Les Bruits du Mantsina: Merci et longue vie au Mantsina!

Entretien mené par Credo Eguenin, Dexter Milandou, Roxiane Kouvoulou et Rodney Zabakani dans le cadre de l’atelier Les Bruits de Mantsina, le 22 décembre 2019 à Brazzaville.

 

Mantsina 2019: Entretien avec David Bobée et Pierre Claver Mabiala, à propos d’Hamlet

Coup de coeur de l’atelier Les Bruits de Mantsina, le Hamlet mis en scène par David Bobée avec les comédiens de Pointe-Noire nous a déjà inspiré deux articles: (voir ici et ici)
Nous avons profité de la rencontre avec l’équipe artistique à l’espace Carrefour, après les représentations, pour poser quelques questions au metteur en scène, David Bobée, et au producteur du spectacle (qui joue aussi dedans), Pierre Claver Mabiala.

David Bobée / Pierre Claver Mabiala

Les Bruits de Mantsina: Pourquoi vous avez choisi de mettre en scène Hamlet?
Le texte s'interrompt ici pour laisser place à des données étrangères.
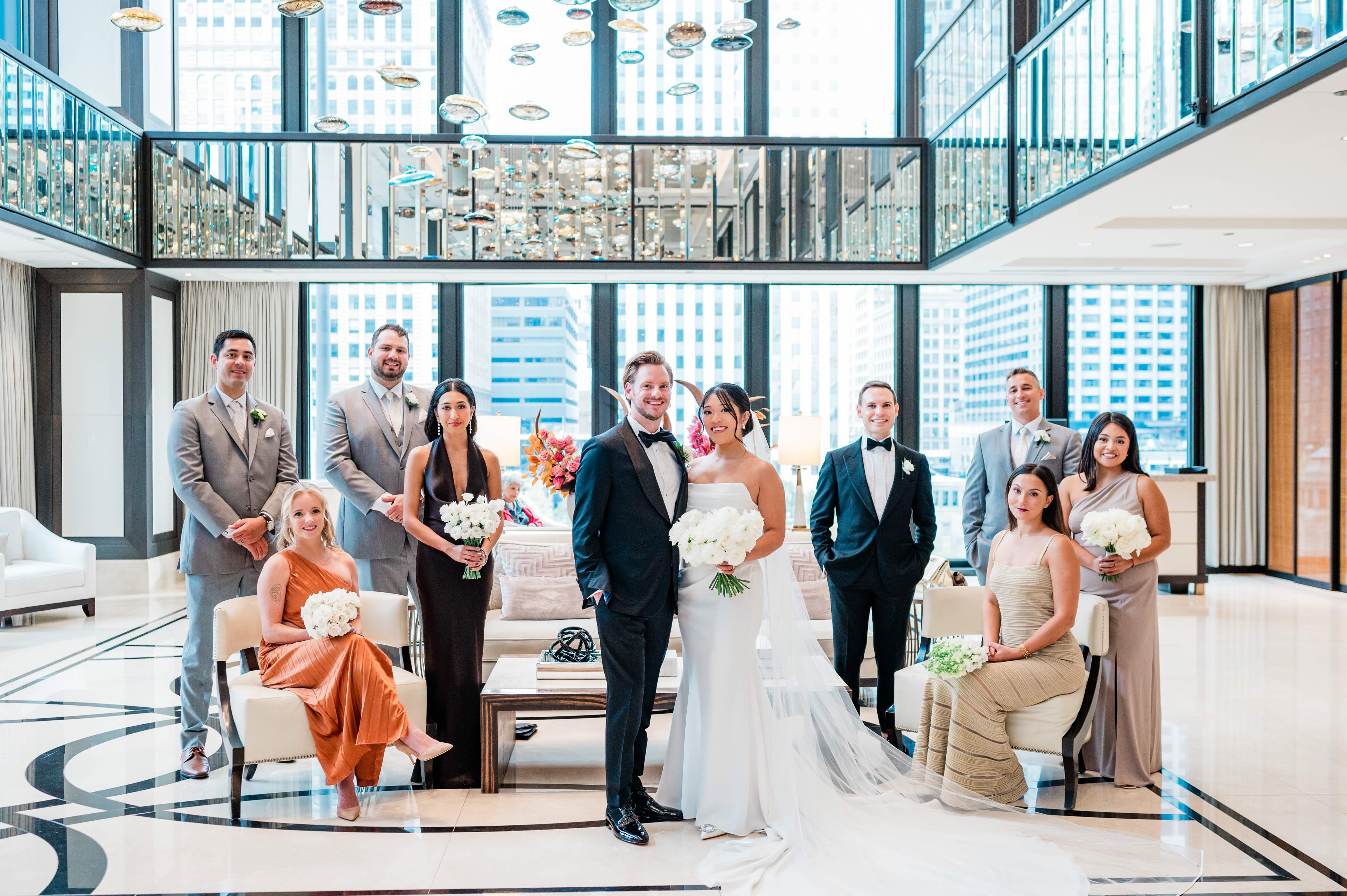 Charley and Peter’s wedding day at The Langham was equal parts elegant and beautifully unpredictable. They got ready and celebrated all in one place, surrounded by the timeless luxury of the hotel. The Chicago wind made a bold appearance that day, but we pivoted seamlessly to portraits inside the stunning Langham lobby. And honestly, the grand interiors made for some of the most beautiful, classic images of the day.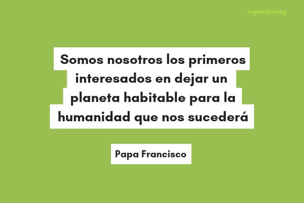 8. "Somos nosotros los primeros interesados en dejar un planeta habitable para la humanidad que nos sucederá. Es un drama para nosotros mismos, porque esto pone en crisis el sentido del propio paso por esta tierra". (Punto 160)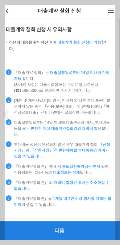 5. 철회 신청 화면의 안내에 따라 '다음'을 클릭합니다.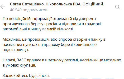 "Энергодар. Фиксируем из Никополя, что российские оккупанты устроили пожар на территории Запорожской атомной станции.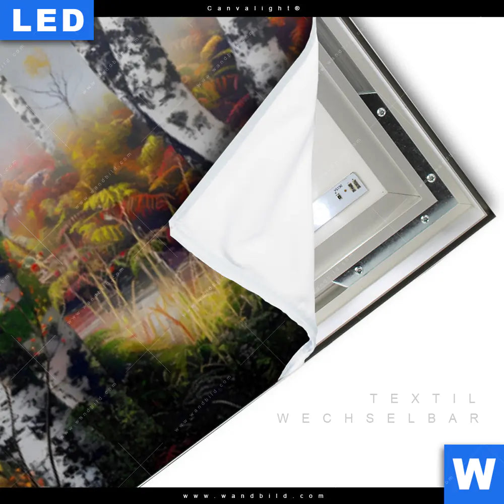 LED-Textilrahmen-Bild mit austauschbarem Landschaften, Wald - Bäume Textil-Druck (Wechselbild)

David Bobée: L’idée au départ était de faire un stage de formation en dix jours, mais je n’avais pas envie de cela, j’ai préféré faire une création, pour que les artistes jouent et ne soient pas mis en position d’apprenant avec un supposé sachant. Je n’avais que dix jours, donc j’ai choisi un texte que je connaissais très bien. On a créé le spectacle en janvier dernier à Pointe-Noire, on l’a montré en juin, la directrice du festival Mantsina, Sylvie Dyclo Pomos, l’a vu et a souhaité inviter le spectacle, pour essayer de créer un lien entre les artistes de Pointe-Noire et de Brazzaville et de créer une résonance dans la capitale du pays où il s’est créé.
Jouer Hamlet dans le cadre du Mantsina, évidemment, ça crée une résonance politique, toute une dimension de résistance par rapport à un ordre du monde inacceptable, irrespectueux de la vie humaine, il y a chez Hamlet quelque chose d’une agitation qui va essayer de renverser l’ordre du monde, de faire pourrir ce qui n’arrive pas à pourrir, d’essayer de faire advenir des endroits de vérité. Pour ce festival engagé, militant, qui ne cesse de faire réfléchir le Congo et les Congolais, cela ne peut que résonner.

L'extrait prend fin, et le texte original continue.